Oct 4, 2018

Kevin Duffy on the legacy of the 2008 financial bailouts


In his recent interview in Barron's (“Hank Paulson Says the Financial Crisis Could Have Been 'Much Worse’,” September 17, 2018), former Treasury Secretary Henry Paulson claimed, “The timing, cause, and severity of the next financial crisis are impossible to predict.  Of course someone will get it right and will be credited with doing so, but he or she won’t spot the next one.”  Having warned about the late ‘80s Japan bubble, late ’90s tech bubble and mid ‘00s credit bubble (“For Whom Do the Bells Toll?,” June 18, 2007), I’ll take that as a challenge.  The root cause is always artificially low rates set by central banks.  Since this period of low rates was longer (7 years vs. 2 ½ from 2002-04), deeper and more global, the next crisis will be more widespread and prolonged.  As for timing, it’s anyone’s guess but with rising rates, narrowing leadership (just 5 of 35 country stock markets up on the year), investor euphoria (record low cash levels at Schwab), and wild speculation (first cryptocurrencies, now cannabis stocks), the lights are flashing red.

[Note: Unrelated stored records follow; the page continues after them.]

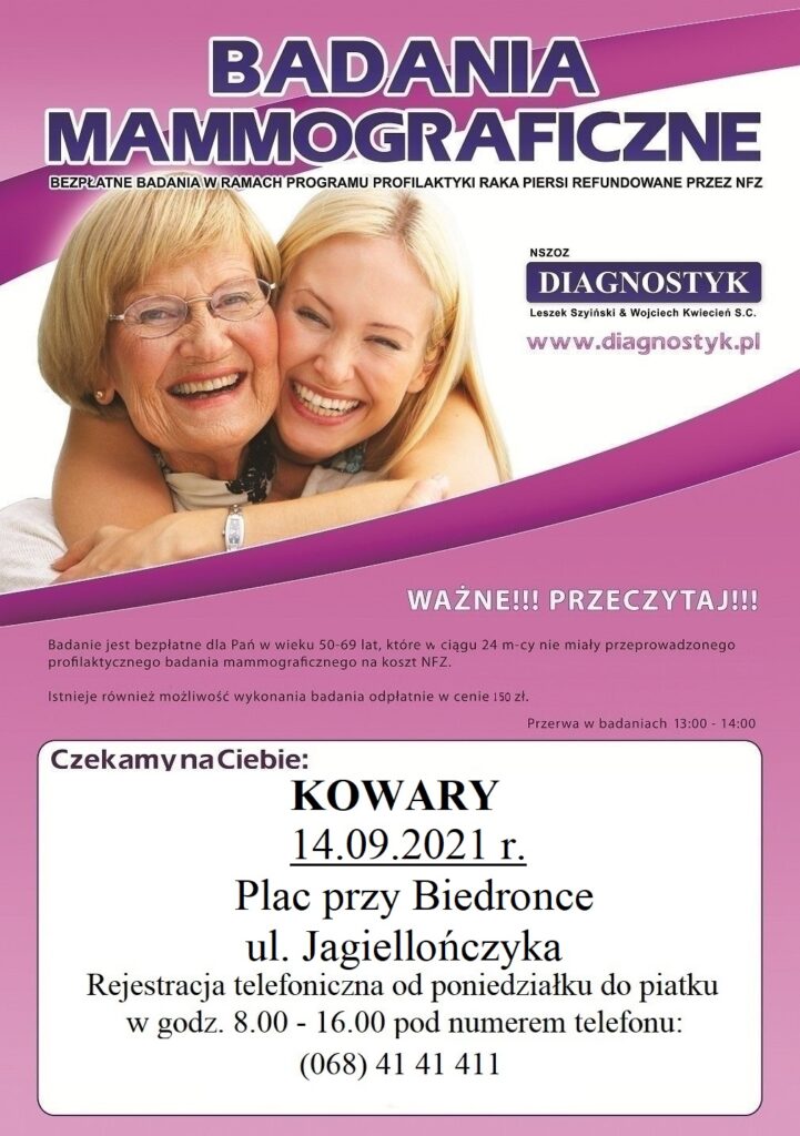 Dnia 14 września 2021 r. na Placu przy ul. Jagiellończyka przeprowadzane będą bezpłatne badania mammograficzne dla kobiet w wieku od 50 do 69 lat, które w ciągu ostatnich dwóch lat nie miały wykonywanych tego typu badań. Panie, które nie będą spełniały tych warunków będą mogły mieć wykonane badania odpłatnie w cenie 150 zł. Bardzo zależy nam na tym aby dotrzeć do mieszkanek urodzony w latach: 1969 r. – 1971 r. – te Panie mogą już wykonać badanie w ramach Populacyjnego Programu Wczesnego Wykrywania Raka Piersi.
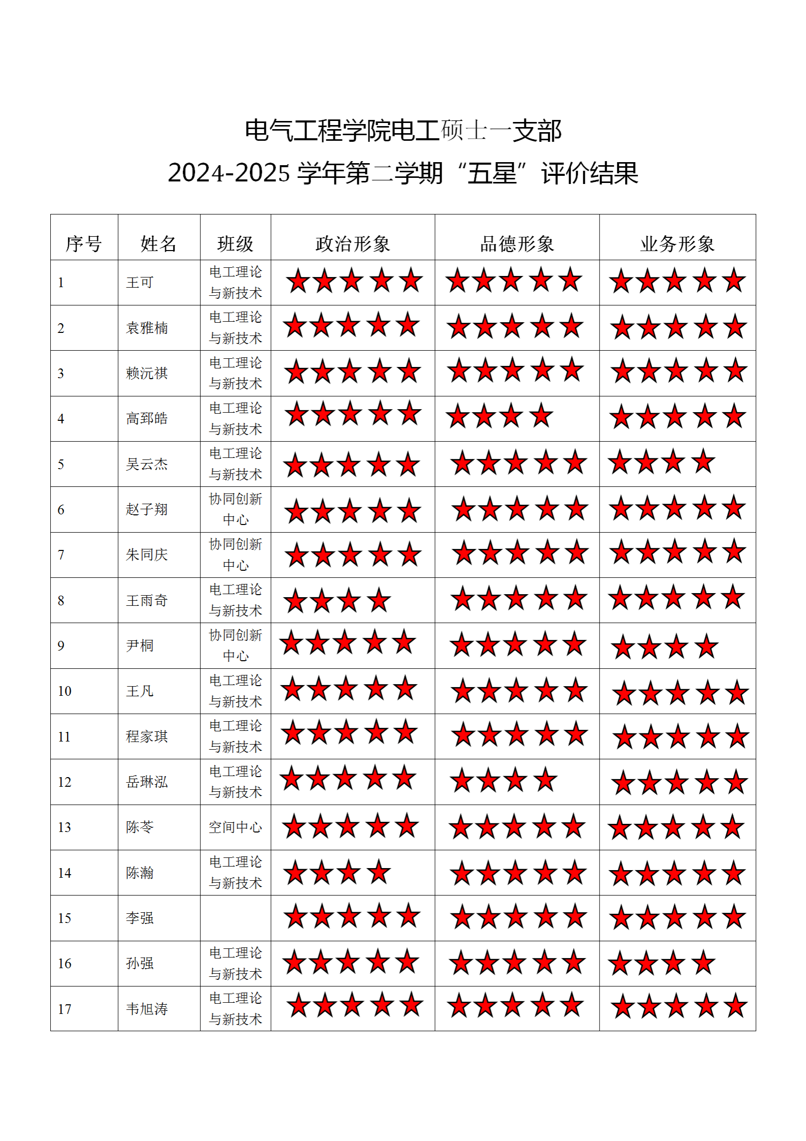 电气工程学院电工二支部 2024-2025学年第二学期“五星”评价结果
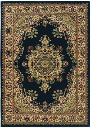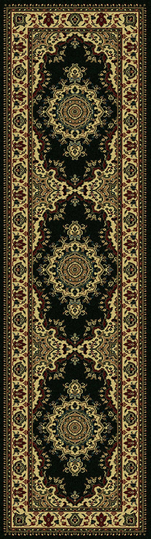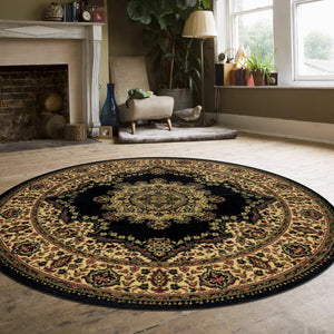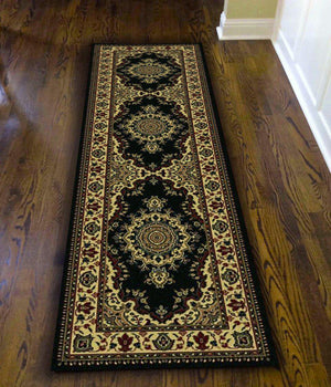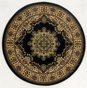 This complex sarouk medallion design is a classic pattern updated with tasteful modern touches to suit any space. The dominant deep black base is bordered by an intricate floral border to complete this traditional machine made design. Made of heat-set polypropylene, this rug provides a soft, non-shedding, durable, and easy to clean accent to the decor in your entryway, hallway, bedroom, playroom, dining room, or living room. A wide array of sizes and shapes, including rectangles, rounds, and runners, allows this machine made rug collection to fit in any space comfortably.
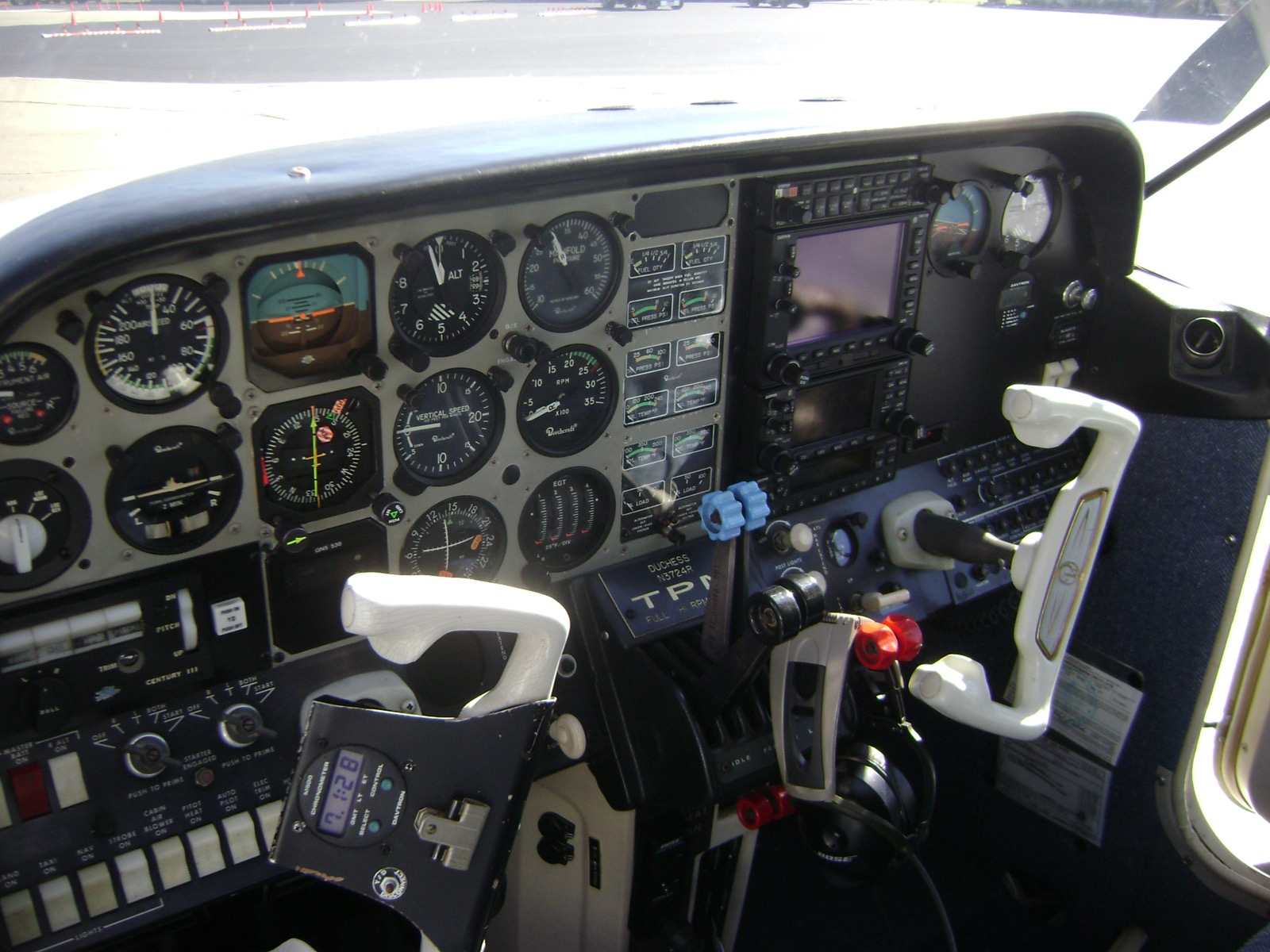 This strong, low time Duchess features a super Garmin stack with G530, G430 and GTX 330 Mods S transponder with Traffic. XM weather and music. Century III Autopilot with Altitude Hold and HSI. Only 2,615 TTAF with just 418 hours on Factory Reman engines and props. Solid mechanically, this Duchess will make an excellent training aircraft or personal twin.
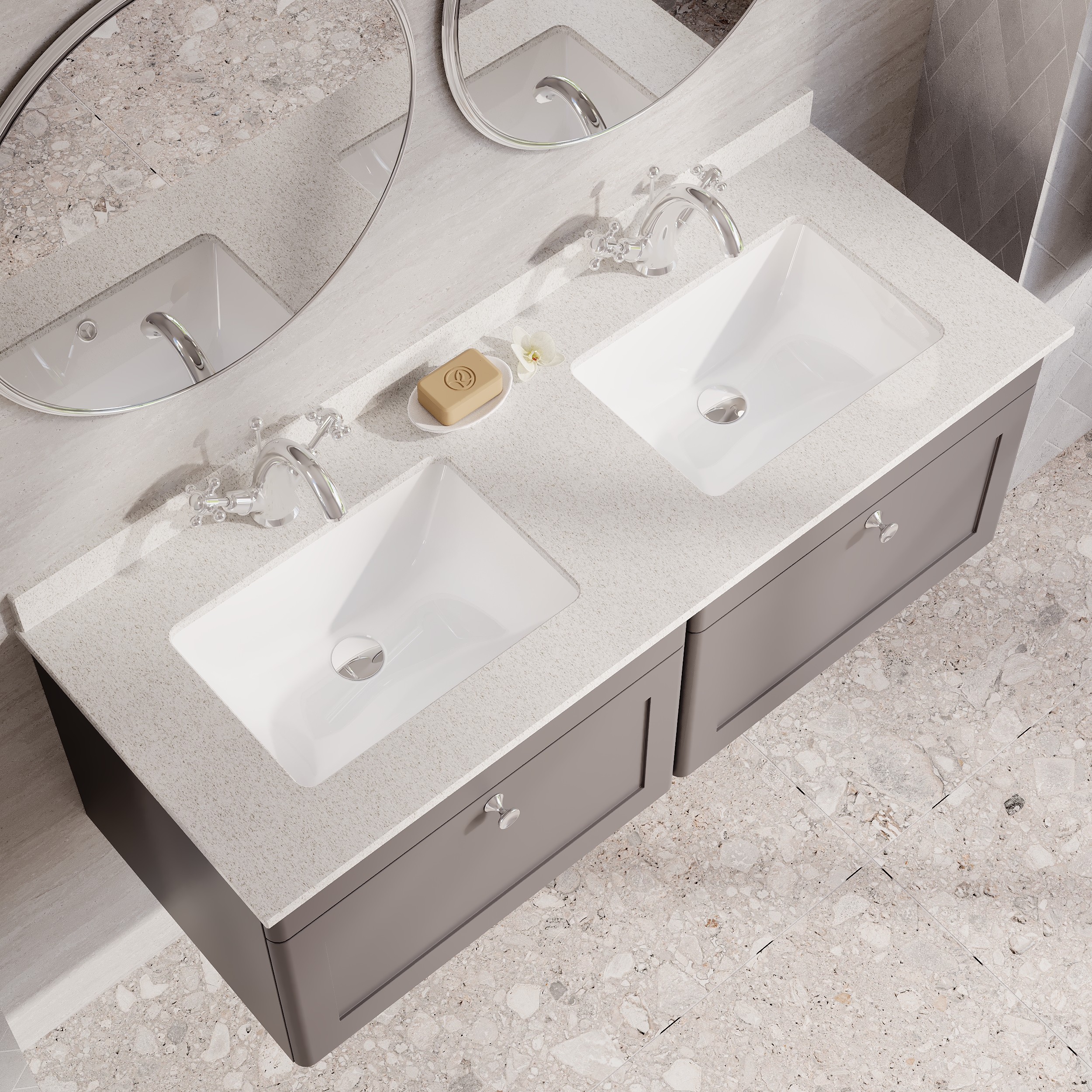 nuie Classique Wall Hung 2 Drawer Unit & 1 Tap Hole Marble Top with Square Basin, 1200mm - Satin Grey/White
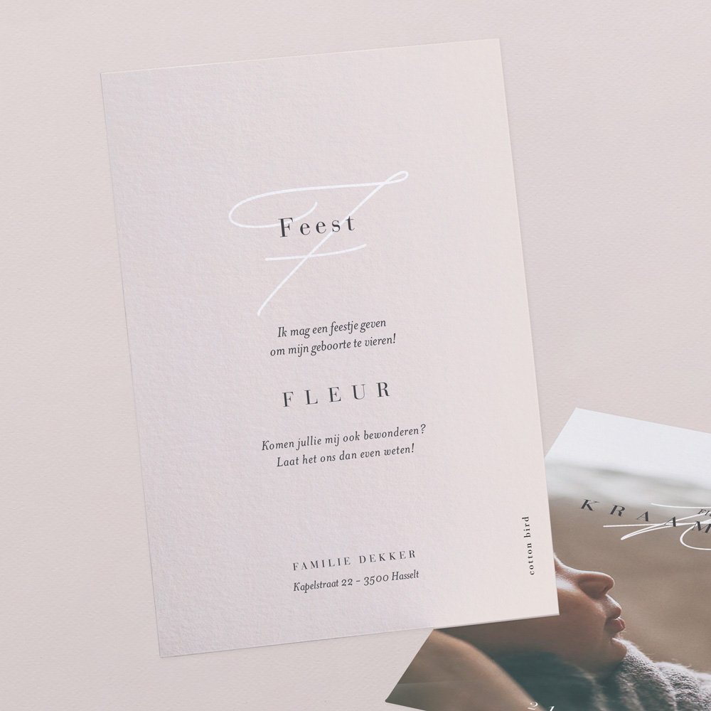 Dit kleine kaartje is als uitnodiging of bedankkaartje te verzenden. Dubbelzijdig en staand formaat met aan een kant je foto en aan de andere kant je tekst.
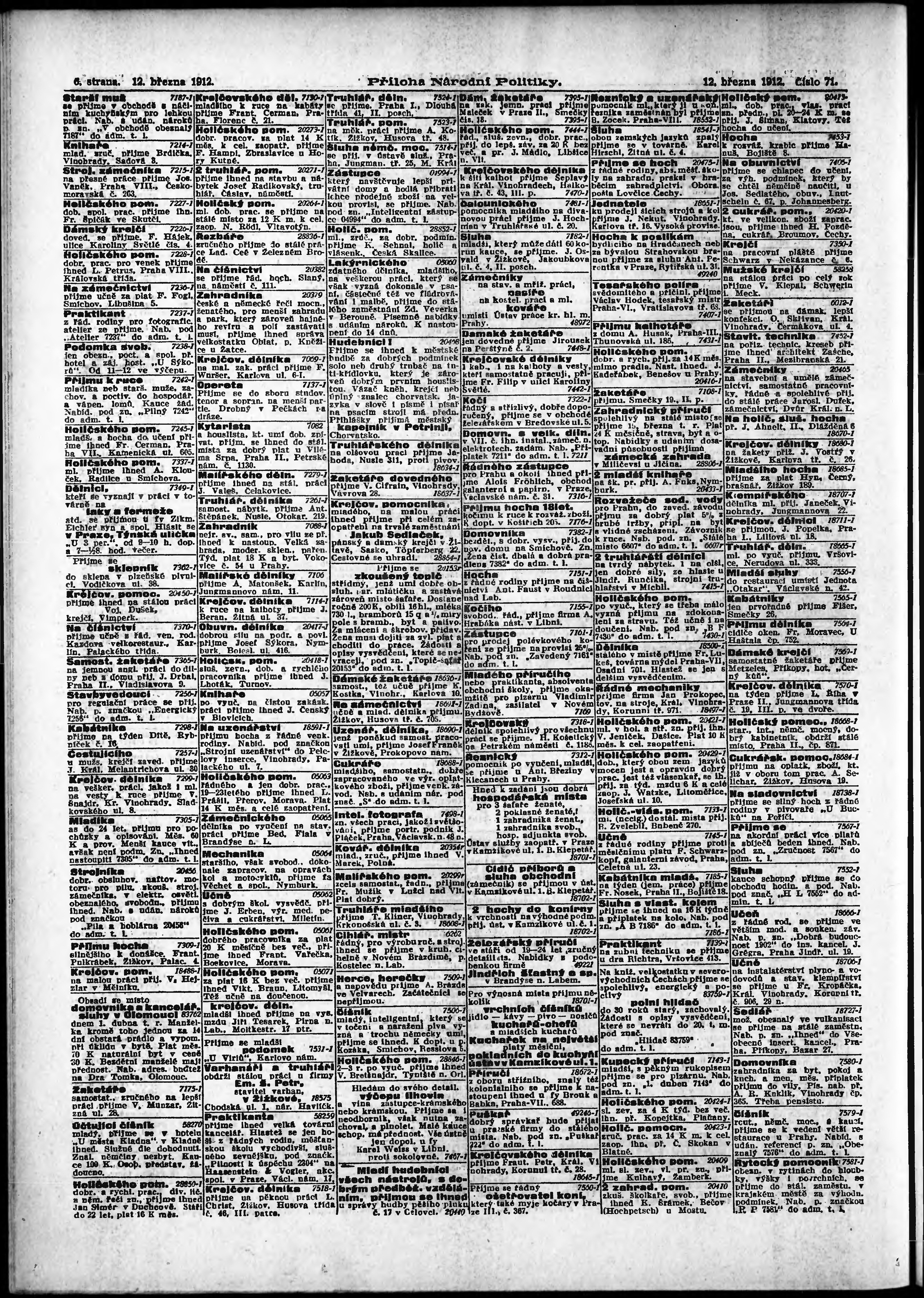 * Datum vydání výtisku: 12.3.1912 Číslo výtisku: 71 Typ výtisku: příloha
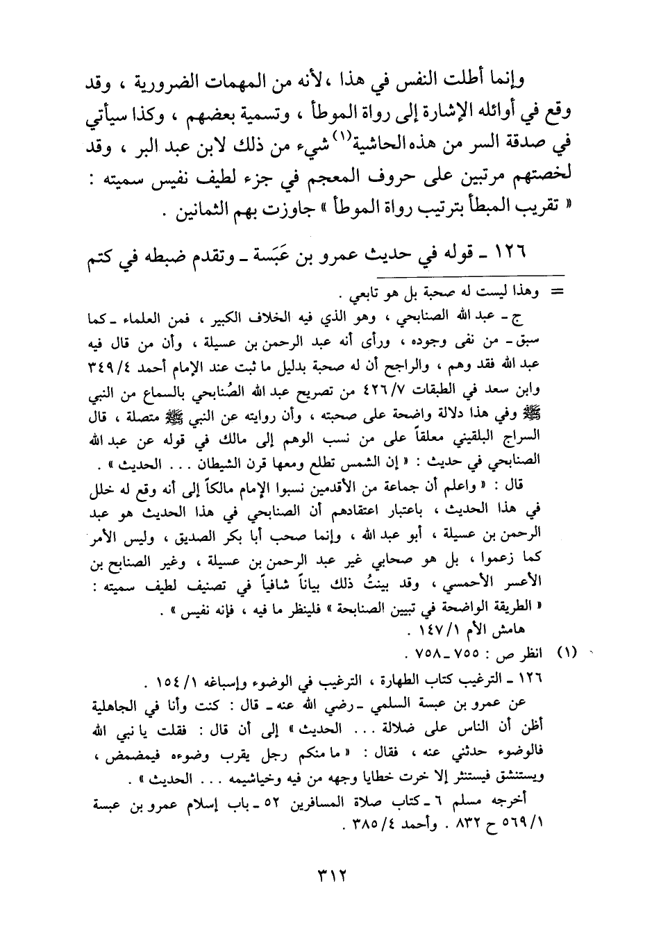 وإنما أطلت النفس في هذا، لأنه من المهمات الضرورية، وقد وقع في أوائله الإشارة إلى رواة الموطأ، وتسمية بعضهم، وكذا سيأتي في صدقة السر من هذه الحاشية شيء من ذلك لابن عبد البر، وقد لخصتهم مرتبين على حروف المعجم في جزء لطيف نفيس سميته: "تقريب المبطأ بترتيب رواة الموطأ" جاوزت بهم الثمانين.
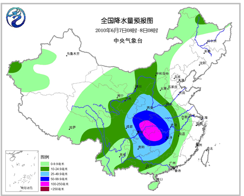 6月7日,新疆大部、西藏中部、甘肅西部、青海西部、內(nèi)蒙古大部、黑龍江大部、吉林、遼寧、河北大部、山西北部、北京、天津、山東、江蘇、上海、浙江、江西、安徽東部、福建、廣東大部為多云到晴天氣;云南西部、廣西、海南有陣性降雨;大部分地區(qū)日最高氣溫在28~33℃之間。我國其余大部分地區(qū)有小到中雨,其中甘肅中東部、陜西、四川東部、重慶、貴州大部、湖北、湖南、河南西南部等地的部分地區(qū)有大雨,部分地區(qū)有暴雨,局地有大暴雨,并伴有短時雷雨大風(fēng)(圖1),日最高氣溫一般在22~28℃之間,天氣較為涼爽。
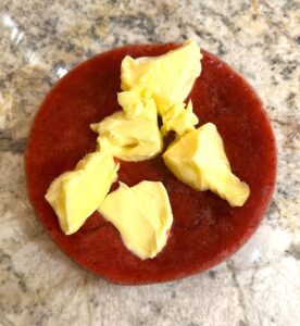 - Allow butter to reach room temperature and cut into one-inch pieces, and add to berries.
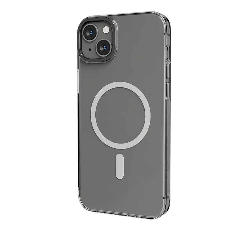 غطاء خلفي شفاف من Levelo MagSafe Sensa لهاتف iPhone 14 Plus، حلقة كاميرا معدنية، حواف مقاومة للصدمات، شفاف للغاية، سهل التركيب - شفاف / رمادي

There are plenty of areas of fragility.  Within the U.S., since the end of 2008 student loan debt is up 127%, auto loan debt 57%, corporate debt 76%, public debt 98%.  Margin debt has more than tripled.  Outside the U.S., Canada and Australia are experiencing housing bubbles while emerging market debt has gone from 110% of GDP to 194% according to the Bank for International Settlements.  Other potential landmines: Chinese corporate debt has increased by 64% of GDP, Italian government debt by 40% of GDP, and Japanese government debt by 61% of GDP.

Unlike the tech and credit bubbles, which were sector-specific, the bubble today is in “everything.”  This is the true legacy of Paulson, Geithner, Bernanke, Frank & Co.